In our earlier article on database normalization, we discussed how normalization is put into action by following a certain set of rules – called forms.
Here we will go over an example of the most basic form – first normal form, or 1NF for short.
The rules for First Normal Form:
In order to be in First Normal Form, each and every table in a database must follow these rules – we will also explain further what they mean with actual examples:
1. Each column in a given table can contain only ONE value of a given type. This is also described as being atomic or indivisible. 2. There are no repeating columns containing related data.

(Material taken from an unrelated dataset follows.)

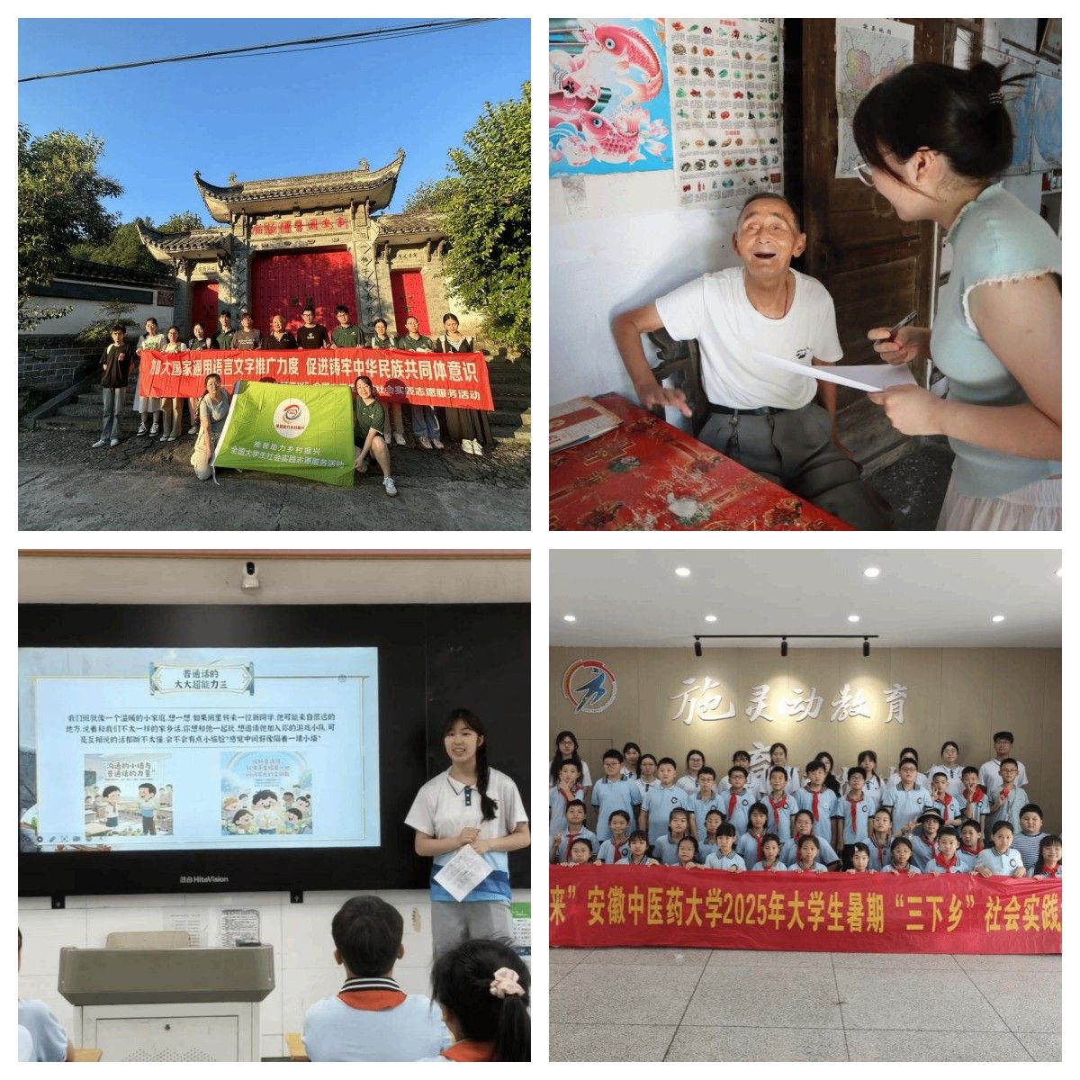 公司充分发挥中医药专业优势,将推普工作与社会服务、乡村振兴紧密结合,组织师生团队深入基层开展推普社会实践活动,使国家通用语言文字成为助力乡村发展的沟通“桥梁”。其中,“徽州言脉·数博拾音团”与“修文正心”乡村振兴促进团成功入选2025年“推普助力乡村振兴”全国老员工暑期社会实践志愿服务活动重点团队及协同团队。师生们将普通话推广与健康知识普及、乡村文化调研相结合,在服务中助力乡村语言能力提升与文化振兴,切实增强了推普工作在服务地方发展中的实效性。

Examples of tables violating First Normal Form
To further clarify what we mean when we say that each column can contain only ONE value of a given type, let’s go through a simple example. Suppose we have a table called People, where each entry is a different person. And, for each person, we have an ethnicity column. Some people can have more than one ethnicity – for example someone can be half Caucasian and half Asian. This means for that particular person the entry would be “Caucasian, Asian”.
Having multiple values for ethnicity violates the rule of 1st normal form which states that a column can contain only one value of a given type – where the type in this case is “ethnicity”.
Example of a non-atomic column
If a column is atomic it means that it can not be further subdivided. Clearly the ethnicity column in our example is NOT atomic – an entry like “Caucasian, Asian” could be divided into two separate entries – “Asian” and “Caucasian”.
So, how can we get the People table to satisfy first normal form? Well, we could just create a new table called Person Ethnicity. And we could have two columns in that table – one named Person ID and the other Ethnicity. The Person ID could simply be a foreign key linking to a primary key in the Person table. And Ethnicity would be a column holding only one ethnicity at a time. So, for someone named Martha who is half Asian and half Caucasian, she would have TWO separate entries in the Person_Ethnicity table. One would be for Asian and the other for Caucasian, and this keeps the ethnicity atomic.
What is meant by no repeating columns containing related data
To further clarify what we mean by the second rule of first normal form – that there are no repeating columns containing related data – let’s go through another simple example. Suppose we have a table called Movies that holds the data for different movies and also has columns for each actor in the movie – so something like actor1, actor2, actor3, etc.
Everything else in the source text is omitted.